During his address to the press corps, at a Guyana Press Association workshop, hosted on April 29, 2016, the President was pellucid: “… journalism is a noble profession. Journalism like any other profession is based on a sense of social responsibility. It is not for the reckless, it is based on education. It’s not for the uneducated. It’s based on ethics, it’s based on experience…

My administration is committed also to non-interference in the independent media. Independent media act as watchdogs of the Government. They promote transparency by ensuring that information is provided to the public on the work of the Government. They’re a source of valuable feedback on the effectiveness of the efforts of the Government. There is no good reason for the State to interfere in the work of the private media. The relationship between the State and the private media must be seen as a partnership in providing a public good, that is, public information for the citizens of this country.”
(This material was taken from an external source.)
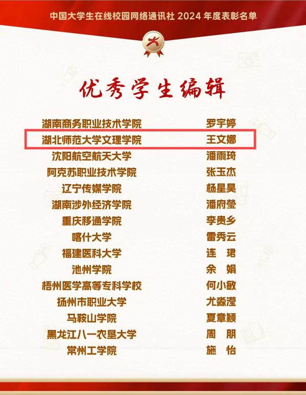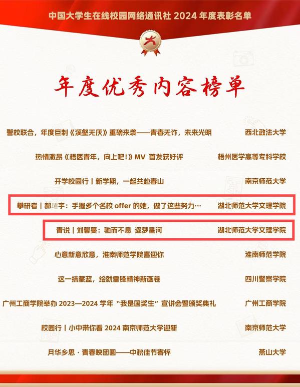 本网讯 12月26日,由教育部中国大学生在线评选的2024年度校园新媒体表彰名单正式公布,AK(中国)大学生记者团师生喜获“优秀校网通站”“优秀学生编辑”“校网通优秀指导老师”“年度优秀内容榜单”四项荣誉。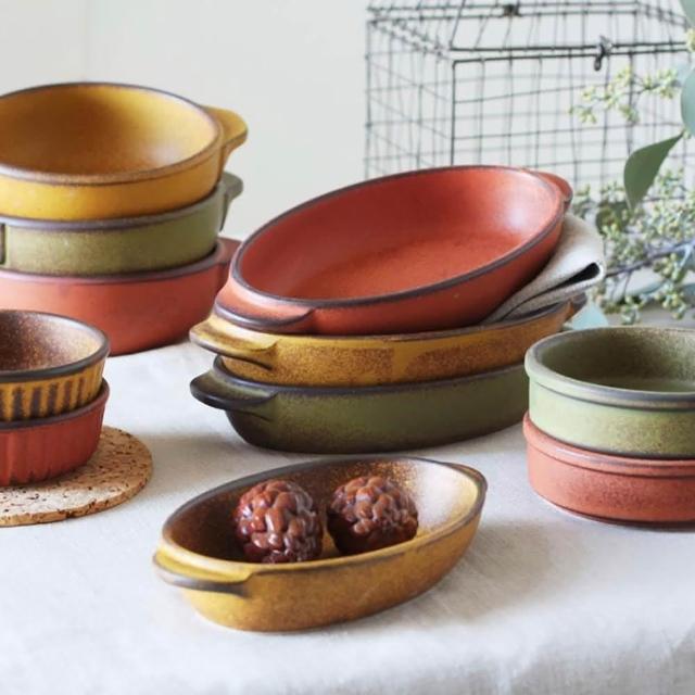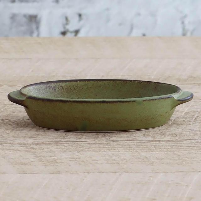 美濃燒昭和製陶 橢圓雙耳焗烤盤 23.5cm (艾草綠;陶瓷烤盤/燉飯碗/千層麵烤盤/日式餐具)

President Granger strongly believes that citizens’ access to information is a democratic right and information is necessary for their informed participation in society.

Any restriction on the flow of information denies citizens the opportunity to participate fully in decision-making and, thereby, impairs democracy.

Fairness and balance are the hallmarks of good journalism. Fairness in a journalistic context, entails accurate reportage and examining every possible angle and perspective. Selectively using parts of quotes and information to frame a story presents a false and misleading account to readers on that particular issue or person.

As Gratten (1998) said, “It means a reasonable but not necessarily total distinction between reporting and comment… It means not being swayed by your own highly personal likes and dislikes of individuals.” Gratten, M. 1998. Richards, I. (2005) Quagmires and Quandaries: Exploring Journalism Ethics. Australia: University of new south wales press ltd. p29

Stabroek News has failed on many occasions, to report on important national events. In fact, in 2016, the Ministry of the Presidency had brought to the newspaper’s attention, that it had taken note that the paper had not been reporting on important national events involving the Presidency.

Stabroek News currently publishes weekly columns by the Presidential candidate of a political party and an executive member of the same party. While this is certainly within the paper’s purview, it is hypocritical to criticise the President on his stance for fairness and equitable reportage when the paper itself has not given equal opportunities to the other stakeholders.